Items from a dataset

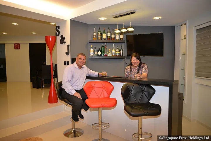 Ms Joanne Chan, who runs a translation company, with her husband, wealth manager Stephen Couch, at their four-room HDB flat in Tampines. They have bought most of their furniture over Taobao and Tmall, including a standing lamp, roller blinds, four bar stools and practically all the lights in their flat.
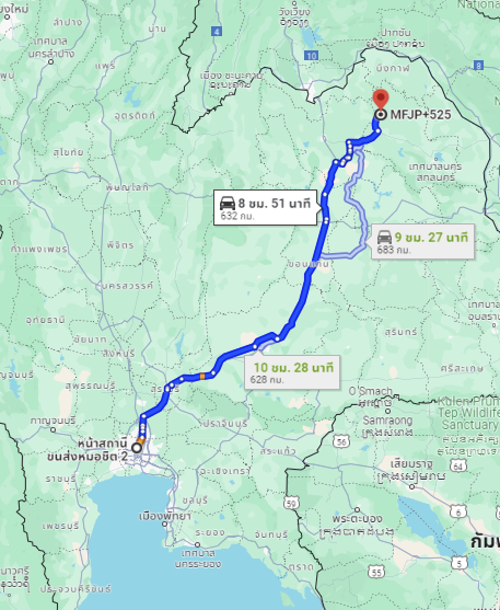 - เดินทางรถส่วนตัว ใช้ระยะเวลาในการเดินทางประมาณ 10 ชั่วโมง
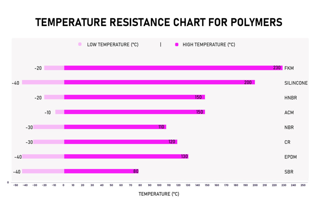 Rubber Name Low Temperature (°C) High Temperature (°C) SBR -40 80 EPDM -40 130 CR -30 120 NBR -30 110 ACM -10 150 HNBR -20 150 SILICONE -40 200 FKM -20 230
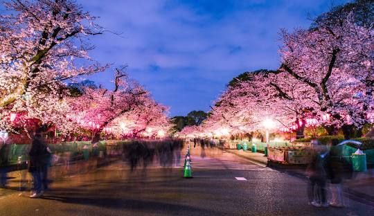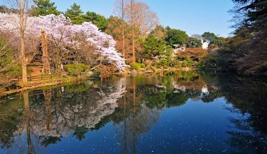 位於青森縣西南部、津輕平原的南部,保存著“天守閣”的弘前城遺跡,約380年築城歷史,尚保留天守閣、櫓、城門、護城河等築城形態全貌,是日本非常罕見而珍貴的城堡遺蹟。由三重護城河和土圍起來的弘前公園對外開放,佔地約49.2公頃,染井吉野櫻為主的櫻花林50餘種2,600株櫻花同時盛開,繽紛柔美的景緻,令人驚艷,春天花見時弘前櫻花季落英繽紛,站在朱紅拱橋遠方,以橋為背景、弘前城為遠景,橋與城掩映在櫻花群中,色彩分明,構成一幅極美的畫面。尤其當櫻花隨風飄落飛舞時,「花吹雪」景象另人終生難忘,是東北的一大盛事。是著名的賞櫻百選名所。
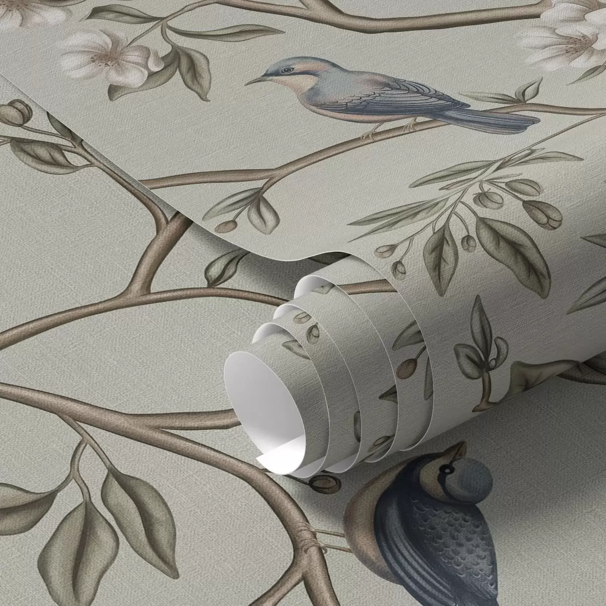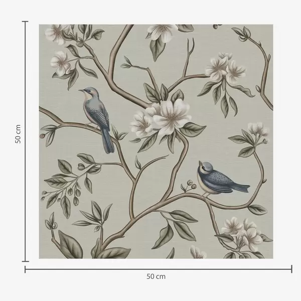 Carta da parati Rami con uccelli e fiori bianchi su uno sfondo delicato Nr. a00303
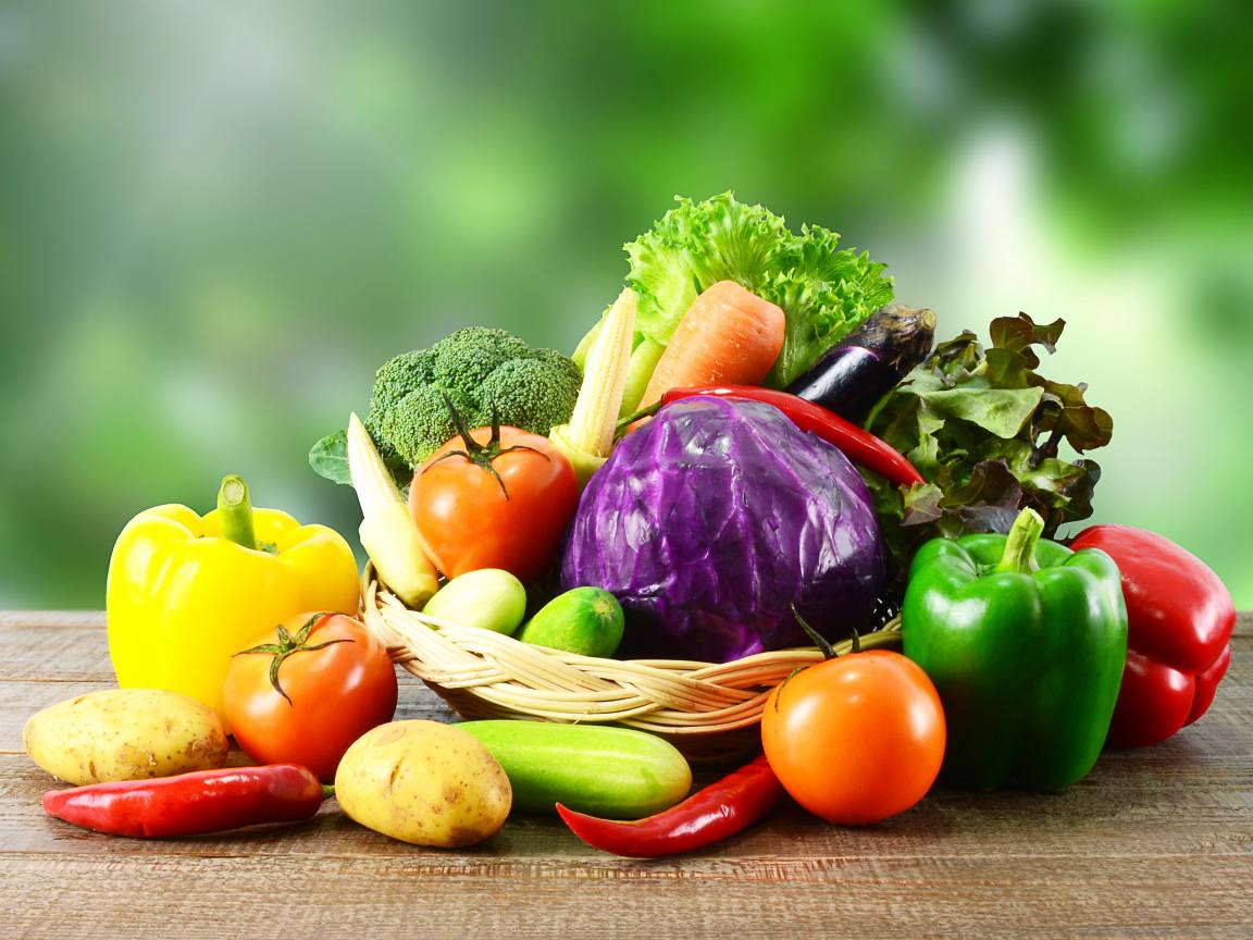 Обои Свежие овощи в корзинке на столе
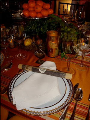 In lieu of place cards, Jonathan chose silvered metal birds, fruits, and Mudras Hands which held each guest's name constructed of wire. The scrolls you see on each plate are vellum prints of engraved illustrations taken from an antique illustrated Haggadah, the book that sets of the order of the Passover Seder. The book is traditionally read throughout the evening's celebration. Each scroll was fastened with laser cut seals.
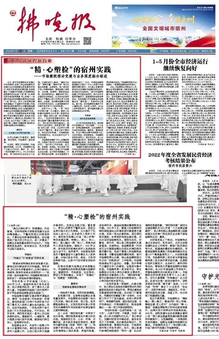 7月3日,宿州市委主管主办的《拂晓报》头版头条刊发深度报道《“精·心塑检”的宿州实践——市检察院推动党建与业务深度融合综述》。
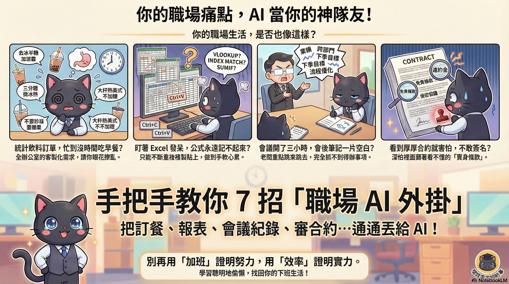 這堂課不教你寫複雜程式,也不講艱深的大道理。 手把手教你 7 招「職場外掛」,從早到晚,把不想做的事丟給 AI!
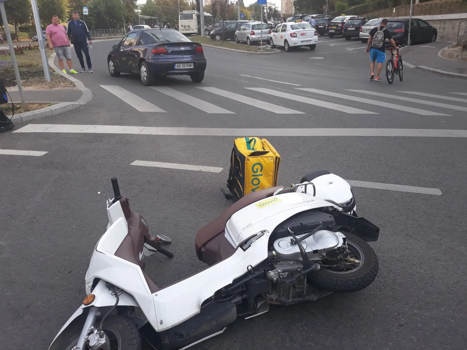 Un motoscuter care făcea livrări de mâncare s-a împrăștiat pe stradă, după ce a fost lovit de un alt autoturism.
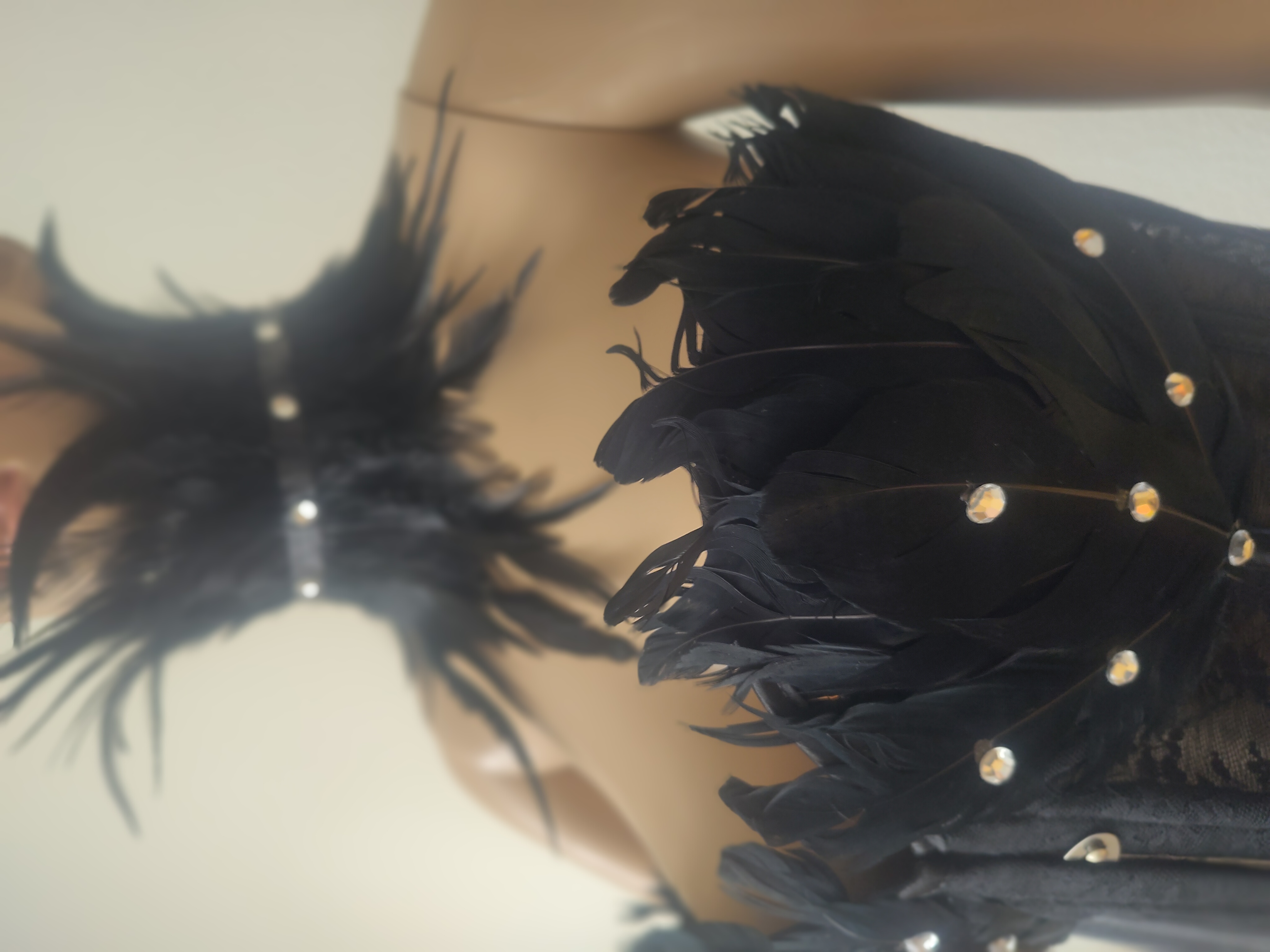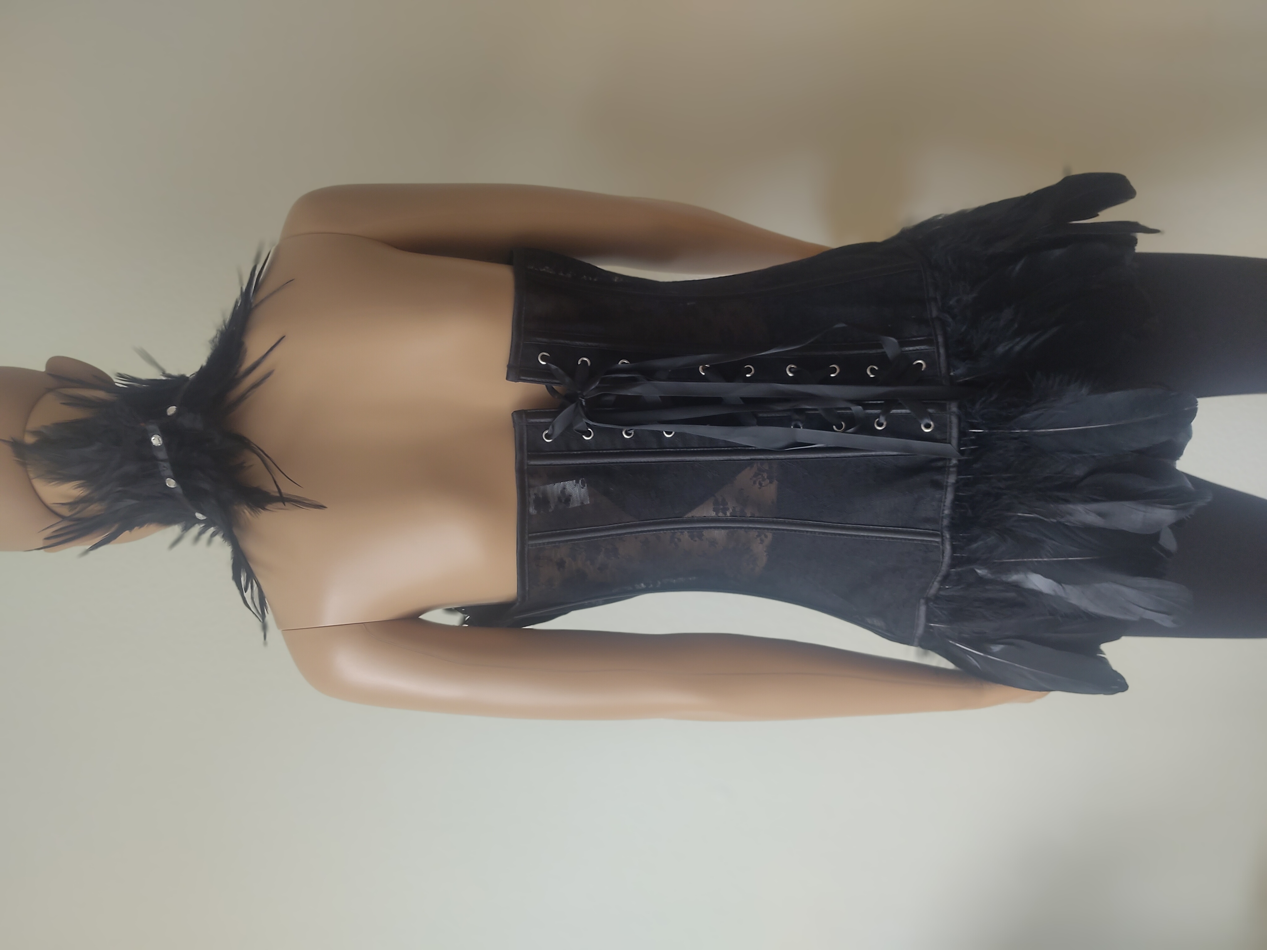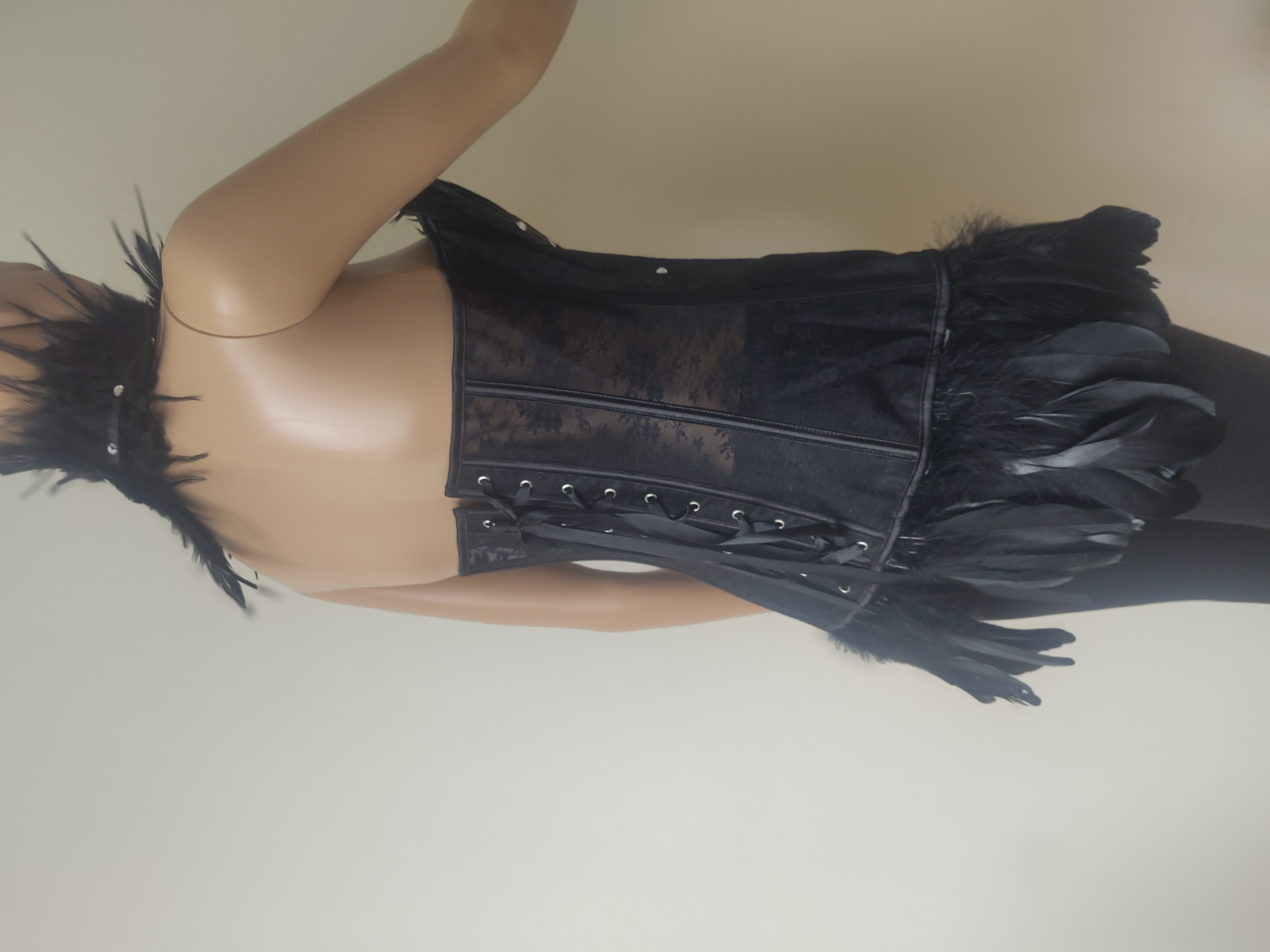 Abgerundet wird der Look durch das passende Federhalsband, das dem Ensemble einen harmonischen und stilvollen Abschluss verleiht. Ob als exklusives Dessous, für besondere Anlässe oder als auffälliges Fashion-Piece – dieses Korsett steht für Eleganz, Selbstbewusstsein und außergewöhnlichen Stil.

WHAT THIS TASK INVOLVES:
With the pictures removed, the entries above should be transcribed exactly.

REPLY TO THE EXERCISE:
 Ms Joanne Chan, who runs a translation company, with her husband, wealth manager Stephen Couch, at their four-room HDB flat in Tampines. They have bought most of their furniture over Taobao and Tmall, including a standing lamp, roller blinds, four bar stools and practically all the lights in their flat.
 - เดินทางรถส่วนตัว ใช้ระยะเวลาในการเดินทางประมาณ 10 ชั่วโมง
 Rubber Name Low Temperature (°C) High Temperature (°C) SBR -40 80 EPDM -40 130 CR -30 120 NBR -30 110 ACM -10 150 HNBR -20 150 SILICONE -40 200 FKM -20 230
 位於青森縣西南部、津輕平原的南部,保存著“天守閣”的弘前城遺跡,約380年築城歷史,尚保留天守閣、櫓、城門、護城河等築城形態全貌,是日本非常罕見而珍貴的城堡遺蹟。由三重護城河和土圍起來的弘前公園對外開放,佔地約49.2公頃,染井吉野櫻為主的櫻花林50餘種2,600株櫻花同時盛開,繽紛柔美的景緻,令人驚艷,春天花見時弘前櫻花季落英繽紛,站在朱紅拱橋遠方,以橋為背景、弘前城為遠景,橋與城掩映在櫻花群中,色彩分明,構成一幅極美的畫面。尤其當櫻花隨風飄落飛舞時,「花吹雪」景象另人終生難忘,是東北的一大盛事。是著名的賞櫻百選名所。
 Carta da parati Rami con uccelli e fiori bianchi su uno sfondo delicato Nr. a00303
 Обои Свежие овощи в корзинке на столе
 In lieu of place cards, Jonathan chose silvered metal birds, fruits, and Mudras Hands which held each guest's name constructed of wire. The scrolls you see on each plate are vellum prints of engraved illustrations taken from an antique illustrated Haggadah, the book that sets of the order of the Passover Seder. The book is traditionally read throughout the evening's celebration. Each scroll was fastened with laser cut seals.
 7月3日,宿州市委主管主办的《拂晓报》头版头条刊发深度报道《“精·心塑检”的宿州实践——市检察院推动党建与业务深度融合综述》。
 這堂課不教你寫複雜程式,也不講艱深的大道理。 手把手教你 7 招「職場外掛」,從早到晚,把不想做的事丟給 AI!
 Un motoscuter care făcea livrări de mâncare s-a împrăștiat pe stradă, după ce a fost lovit de un alt autoturism.
 Abgerundet wird der Look durch das passende Federhalsband, das dem Ensemble einen harmonischen und stilvollen Abschluss verleiht. Ob als exklusives Dessous, für besondere Anlässe oder als auffälliges Fashion-Piece – dieses Korsett steht für Eleganz, Selbstbewusstsein und außergewöhnlichen Stil.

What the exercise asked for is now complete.